Se presentó "Pan y Rosas" en el Aula Magna de la Fac. de Cs. Políticas de Mendoza

10 de septiembre 2004

En el Aula Magna de la Facultad de Ciencias Políticas y Sociales de la Universidad Nacional de Cuyo se realizó la presentación del libro “Pan y Rosas. Pertenencia de género y antagonismo de clase en el capitalismo”, de Andrea D’Atri.

La presentación, organizada por el Ateneo de Género de la facultad, las Coordinaciones de las carreras de Sociología y Trabajo Social, la Colectiva de Mujeres “La Grieta”, el grupo feminista “Las Juanas y las Otras” y la agrupación “Pan y Rosas”, contó con la presencia de la autora y de la filósofa Alejandra Ciriza, docente de esta casa de estudios e investigadora del Conicet.

Después de las elogiosas palabras de Alejandra Ciriza, la autora realizó una exposición que transcribimos más abajo y finalmente, se dio un debate con los y las presentes.

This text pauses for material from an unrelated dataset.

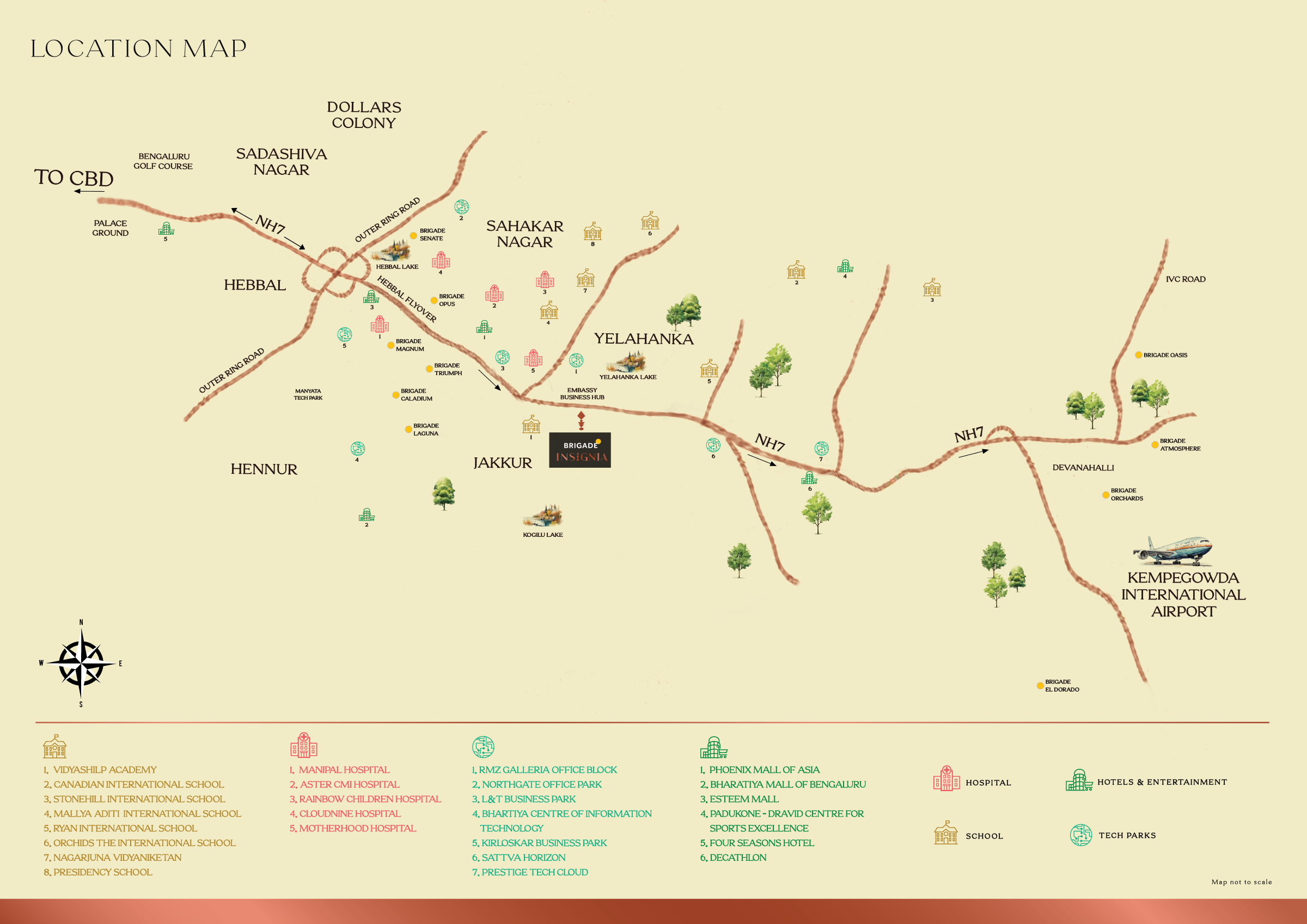 Brigade Insignia is located in Yelahanka, North Bengaluru, right on the airport highway. It also has metro connectivity.

Antes de terminar, Andrea D’Atri señaló que había estado en la ciudad de Rosario muy recientemente, donde tuvo el honor de que entre los asistentes a la presentación se encontrara Herminia, Madre de Plaza de Mayo de esa ciudad y que, ahora, se sentía muy gratificada de ver que en la primera fila había una mujer mayor con el distintivo pañuelo blanco en su cabeza. Entonces, parándose y acercándose a María (Madre de Plaza de Mayo de esta ciudad de Mendoza) le obsequió un libro en homenaje a “estas mujeres terribles” que siguen en pie de lucha.


 


Palabras de Andrea D’Atri durante la presentación del libro “Pan y Rosas…” en Mendoza


 


Un fantasma recorre los pasillos académicos... es la tríada conformada por las categorías de sexo, raza y clase que, en las elaboraciones referidas a la identidad y la diversidad atraviesan el pensamiento occidental.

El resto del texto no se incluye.